Goddamnit I hate your level headedness
Come home. Im drunk and cutting my own hair. This is bad, i need you.
So bad news they put a private property sign on the tiger.
Until they install cameras or armed security i'll ride the fuck out of that jungle cat.
She's hidden vodka up her skirt and is riding a parking meter. Things can only get better
I wouldn't take my shot so you poured it on my face. Twice.
It got to the point that I had to make flashcards with their name on the front and dick pics on the back.
The last good decent convo we has was when I was trying to convince you to let me watch you pee.
Woke up with a full plate of KFC next to my face. I didn't really question it.
you had acid sex with the barista. why is my bucket list your tuesday?
Did your surprise acid trip turn out well?
Are you awake?
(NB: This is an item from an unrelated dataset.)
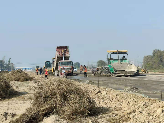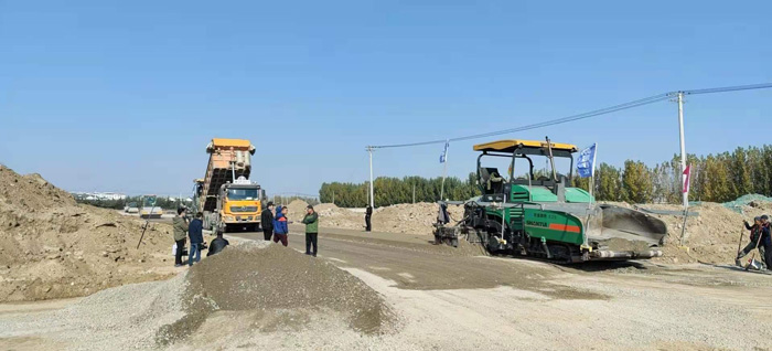 在濰坊市昌樂縣某園區道路的施工現場,山推成套路面施工設備包括壓路機、攤鋪機等正有條不紊的進行水穩層施工。山推設備質量可靠,高效穩定,施工期間未出現任何問題,圓滿完成施工任務,縮短了整個施工周期,贏得了施工方的高度贊譽。

I feel like I need to confess my sins to someone not on this side of the country.
The bottle brush for the bong worked really well to clean the brownies out of the waffle maker.
Do him. As soon as possible and as often as possible. That's what Oprah would say
Last night you dunked donut holes in spinach dip, ate it, threw up, and continued eating. I cant keep up with your drunk eating skills.
I was wondering where the donuts went.
Just went to Meijer. Purchased furnace filters, fishing line, red lipstick and pregnancy test. And if my purchase alone wasn't classy enough, I took the pregnancy test in the Meijer bathroom because Im on my way to the bar and wanted to know if that was a good idea or not. Cheers to no babies!